It's got the head of a monkey and the body of a monkey. But not the same monkey.

You probably don't want to hear any more details of this Mondo Bizarro medical news item. According to pioneering scientist Robert White, the mix-and-match creature he fabricated in a 1970s experiment survived for "many days." This experiment raised hopes, he told the BBC in an interview last month, because "People are dying today who, if they had body transplants...would remain alive."

This comment raises the bar in the competition for stating the obvious. Nevertheless, for most of us, the idea of swapping monkey heads prompts an immediate, instinctive revulsion, a reaction that may also feature incredulous laughter. Between those two reactions--this is too hideous to consider, this is too absurd to consider--there remains a stubborn reality: Somebody somewhere did consider it, and then went ahead and did it. In a lab somewhere, monkeys were beheaded, reassembled, and then kept temporarily alive.

The advancing front of the "life sciences"--cloning, gene manipulation, tinkering with body parts--keeps sending similar unbelievable and appalling items our way. Medical ethicists are regularly convened to fret about them, and on a recent TV show an audience member asked the panel the old familiar question: "Has our ability to produce these new technologies outdistanced our ability to cope with them ethically?"

The question has a weary quality, because we suspect that ethical concerns are going to have very little influence over what eventually takes place. It's efficiency, or the illusion of it, that governs these things. Look for comparison to the field of weapons development, where new killing devices have historically been implemented as soon as they are invented: the guillotine replacing the axe, for example. Hand-wringing about ethics seems irrelevant. Weapons technology hurtled forward until the proliferation of nuclear missiles brought the promise of Mutually Assured Destruction, and people realized no one would be around to enjoy this absolute efficiency. That glimpse into the abyss, rather than newfound scruples, prompted a pullback from the brink.

So the short answer to the woman in the audience is, Lady, that happened a long time ago. The human tendency to let technology overrun ethics appeared the first time somebody picked up a rock and hit somebody else over the head with it.

There's an extra creep factor with these new experiments, though. We've long been familiar with technologies that increase the efficiency of death. This latest round, however, confronts us with technologies that bring to life things we instinctively sense should not be. They feel disturbing and ominous, as if they violate the harmony of nature. Even when they engineer life, they participate in death.

Yet it's a disservice to dismiss these innovators as merely lacking in ethics. Dr. Joseph Guillotin was troubled by the clumsy and gruesome axe beheadings that he witnessed during the French Revolution, and the machine he proposed was welcomed as more compassionate. To a culture awash in blood the guillotine seemed an obvious improvement. Today, however, we would question whether factory-style decapitation ever advances social reform.

Similarly, Robert White, the monkey doctor, says that he was moved by the plight of people with severe spinal injuries. It seemed to him that a "body transplant" was the ideal solution. Once he started thinking about it, the idea became no stranger than a liver transplant.

How do you overcome instinctive revulsion at bizarre new technology? Just think about it long enough. Gradually, the strange and horrible comes to seem noble and benign, especially if it is more efficient. Too many drooling old people? Euthanasia can erase their embarrassing presence. Too many Down's syndrome babies? Track 'em down and snuff 'em before they're born. Quadriplegics fading away? Maybe decapitating them, then sewing on a fresh headless body, would give them a new lease.

Against this principle of vigorous efficiency, we have only the defense that we "instinctively sense" when things are going too far. That standard seems vague, but not because it lacks firmness and authority; rather, it is because it is being communicated to us from a place we don't regularly consult. We don't know how to hear this voice reliably. It's our ability to perceive or receive these convictions that is cloudy, not the convictions themselves.

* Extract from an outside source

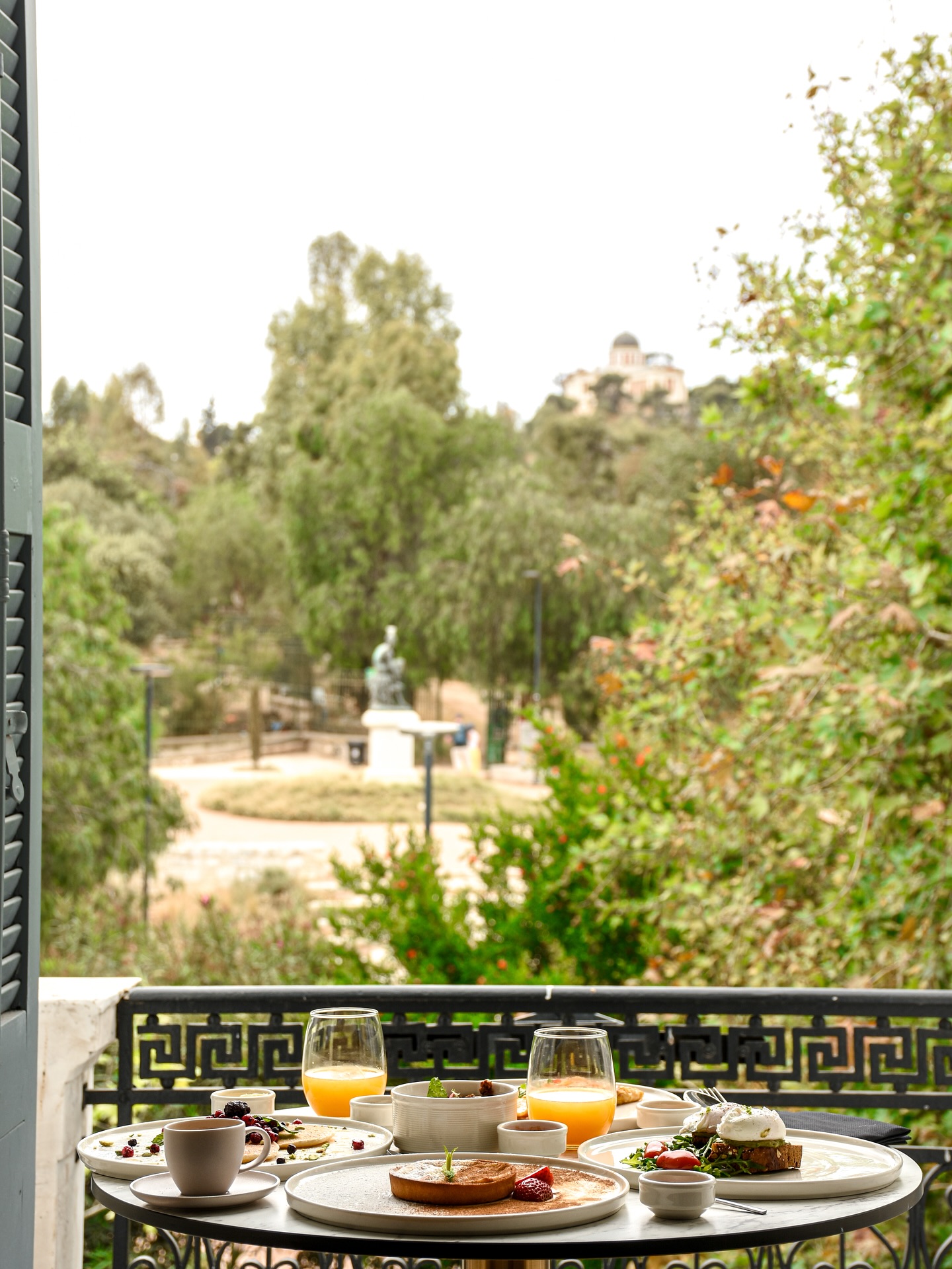 I’m intoxicated by the sweet scent of vanilla tobacco that permeates the space, and enthralled that the suites at La Divina are all named after famous classic songs and operas performed by Callas, including La Boheme, La Vestale and Ave Maria. Some offer views of Adrianou Street and the distant Observatory, while others face the courtyard and the Acropolis. Select suites include a private jacuzzi and balcony with Parthenon views. Exhausted after a full day of exploring the city, I can’t wait to take a waterfall-style shower, slip into my cozy bathrobe and slippers and pamper myself with the complimentary Olive Era amenities. After all, when in Greece, do as the Greeks do, and infuse your skin with olive oil and a medley of natural Greek extracts. After waking up refreshed, I head to the courtyard for a quintessential Greek breakfast. Pro tip: order the ‘Kayanas’ – perfectly seasoned scrambled eggs with feta and tomato, served on a freshly-made, toasted bun.

This voice is related to conscience, another human capacity that is persistent and firm, yet can be overcome by reluctance, confusion, or rationalizing. Rationalizing in the name of efficient compassion is especially effective; it can record over the voice of conscience with an identical, mimicking voice, allowing us to commit feats of horror with placidity. The last bloody century provides any number of examples of the "banality of evil."

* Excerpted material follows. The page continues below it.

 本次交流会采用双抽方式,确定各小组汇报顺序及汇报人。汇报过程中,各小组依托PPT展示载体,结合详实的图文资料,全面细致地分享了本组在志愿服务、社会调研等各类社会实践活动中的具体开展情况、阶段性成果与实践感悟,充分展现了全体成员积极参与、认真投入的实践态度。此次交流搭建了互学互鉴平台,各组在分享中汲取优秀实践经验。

When we object to these bizarre new uses of technology, we tend reflexively to say that such undertakings constitute "playing God." We sense that God has something to do with this whole business of life and death, and that there are some ways we can assist his work, and some things we should respectfully back away from. We say we "feel" it, but the impulse comes from a different place than either emotion or rationality. We know it's not merely the voice of our pet notions and desires, because it has a propensity for telling us things we don't want to hear. It's more like a still, small voice inside.

Now more than ever, it is time to amplify that voice. As technology races into these realms of death-scented life, the leaps are greater and the decisions come faster. Everyone, not just ethicists, should become more intentional about listening to that quiet, yet authoritative, voice. Until we do, better lock up your monkeys.